La situation de l’université française n’est pas satisfaisante. L’échec en premier cycle est un drame individuel et collectif. La situation matérielle des étudiants s’est dégradée ces dernières années. L’insertion professionnelle des étudiants doit être améliorée, les universités n’ont pas les moyens d’entretenir les locaux, ...
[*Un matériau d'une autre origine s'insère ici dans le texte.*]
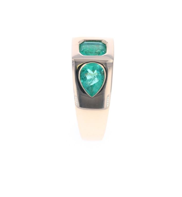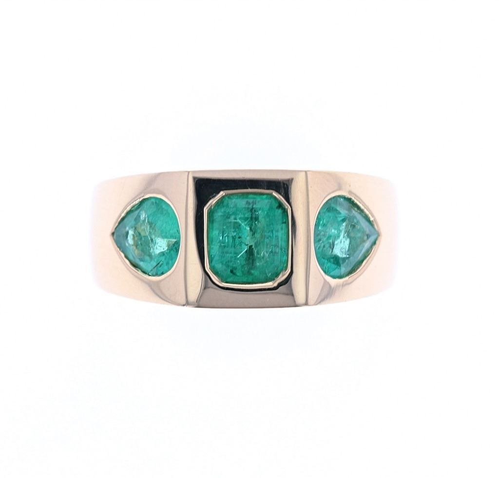 Featured in this lot is this tri-stone "Trinity" emerald and 18k yellow gold ring with AIGL paperwork. The ring features a polished, stamped and tested 18k yellow gold ring with a bright finish and is in new condition with excellent workmanship and shows an Oscar Freidman hallmark with a '18k' gold stamp next to the hallmark. The ring features a tri-stone faceted construction otherwise known as a trinity ring setting. The stone set into the ring are 3 octagonal and pear cut natural emeralds that shows measurements for the octagonal stone are 6 x 5mm, and for the pear cut 7 x 5mm. The stones show green coloration with a very good cut grade that shows a total weight of 2.15 carats. The piece comes complete with AIGL Inc.(American International Gemological Laboratories, Inc. a GIA certified lab AIGL#: K33E56-EA16626) report and appraisal confirming the above info and giving a total value of $8,500.00. The ring size is US 7.

Pour la première fois depuis 50 ans, le budget ne prévoit aucune création de postes, alors que les manques sont criants, tant en personnels administratifs et techniques qu’en enseignants-chercheurs, notamment pour favoriser la réussite en licence.

Quant au 1,8 milliard d’augmentation annoncé dans le projet de loi de finance, il ne bénéficie que peu aux étudiants et aux universités : la plus grande partie de ces nouveaux crédits est consacrée à des exonérations d’impôts ou à des opérations immobilières prévues depuis longtemps comme le désamiantage de Jussieu.

Les réponses (loi LRU, projet de loi de finances 2008) qu’a données le gouvernement sont loin de répondre à ces problèmes.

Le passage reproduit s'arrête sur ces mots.